Gentleman raised a hand in gesture at the restless flames; a ring of carved jade glowed against his pale knuckles.
“And we are grateful, very grateful. Still there are limits to what my boys can do and we care about them just the same. Some boys give what they can and yet sometimes it isn’t enough. I give back as we agreed in the beginning. One can’t summon Beauty and Truth with mere desire alone. One does what one can, one can only give away what one has.
“And I don’t want to be small about money.
“But my Prince traveled paths to my deepest being.
“Ah naughty boy, you smile, making a joke of my tenderest secrets…
“But I forgive you,” Gentleman said. He raised a hand to forestall any objection that may or may not have come.
“My Prince gave from a place within, and crossed a gulf as
wide as the continent crossed by the road that had brought me to his kingdom on the ocean…

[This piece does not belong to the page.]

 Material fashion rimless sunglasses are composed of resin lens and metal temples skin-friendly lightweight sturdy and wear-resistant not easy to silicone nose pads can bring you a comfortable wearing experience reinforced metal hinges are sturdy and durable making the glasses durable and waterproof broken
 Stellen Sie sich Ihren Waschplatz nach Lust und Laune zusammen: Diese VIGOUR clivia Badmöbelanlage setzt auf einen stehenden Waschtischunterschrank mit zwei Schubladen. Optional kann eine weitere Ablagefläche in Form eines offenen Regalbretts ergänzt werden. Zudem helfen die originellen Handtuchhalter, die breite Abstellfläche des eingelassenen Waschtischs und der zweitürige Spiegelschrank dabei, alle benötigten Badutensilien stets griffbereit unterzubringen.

“And the magic he showed me, the spectacular landscape of the mountains soaring above the beach, the twisting roads of the canyons, in one direction the Pacific hungrily devouring the sun in conflagration and in another the blanket of lights weaving and glittering and keeping at bay the black void to the East.
“And the amusements! He took me to Galaxy Studios, an alchemist laboratory where runaway locomotives and rampant dinosaurs lunged at visitors as we rode little trains and shrieked in delight and amazement at the wonders conjured by the imagination of subjects of this land of wonders.

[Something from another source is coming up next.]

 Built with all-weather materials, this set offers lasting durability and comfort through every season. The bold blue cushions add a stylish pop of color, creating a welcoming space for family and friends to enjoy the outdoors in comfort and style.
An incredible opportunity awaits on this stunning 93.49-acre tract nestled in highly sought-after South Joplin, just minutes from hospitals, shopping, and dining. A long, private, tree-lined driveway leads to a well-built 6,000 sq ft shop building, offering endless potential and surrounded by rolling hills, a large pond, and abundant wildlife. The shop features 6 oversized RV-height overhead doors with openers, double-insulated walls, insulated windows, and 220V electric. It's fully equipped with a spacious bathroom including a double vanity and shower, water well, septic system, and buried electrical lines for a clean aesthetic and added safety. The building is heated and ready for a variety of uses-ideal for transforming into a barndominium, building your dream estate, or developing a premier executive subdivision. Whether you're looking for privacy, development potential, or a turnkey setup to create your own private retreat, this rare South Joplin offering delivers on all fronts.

“And he gave a party before I had to return,” Gentleman said with a catch in his throat.
“He said he had a surprise for me, a surprise for me whose life had always been as predictable as predetermined as a mathematical formula. He said he wanted me to meet his friends.
“And he was young and so were his friends, beautiful, young, the men as breathtaking as the women, cowboys and cheerleaders, street toughs, and curious creatures pale with hollows in their eyes called Goths.
“But not like the Visigoths or Ostrogoths-- these Goths wore delicate, fragile, secret smiles on their faces, beguiling in their strangeness.
“And I watched them all, feasting on their beauty, their youth but as much as I dwelled on what I saw I thrilled at their… anarchy! Their lives outside the confines of the harsh prison that I had known of acceptable manners, of the right thing to say, of the right thing to wear, of the right way to live. I learned that night that life like beauty was beyond rules. His friends simply lived without apologies, or excuses, or rules.
“And they danced while I watched in fascination. There’s something deliciously tantalizing about a grown man bouncing his thighs and legs to loud music, undulating without a second thought…
“And now and then I looked around to find my prince’s eyes on me that, sleepy smile for me, for me!” Gentleman’s voice rose, with surprising strength he beat a fist against his chest.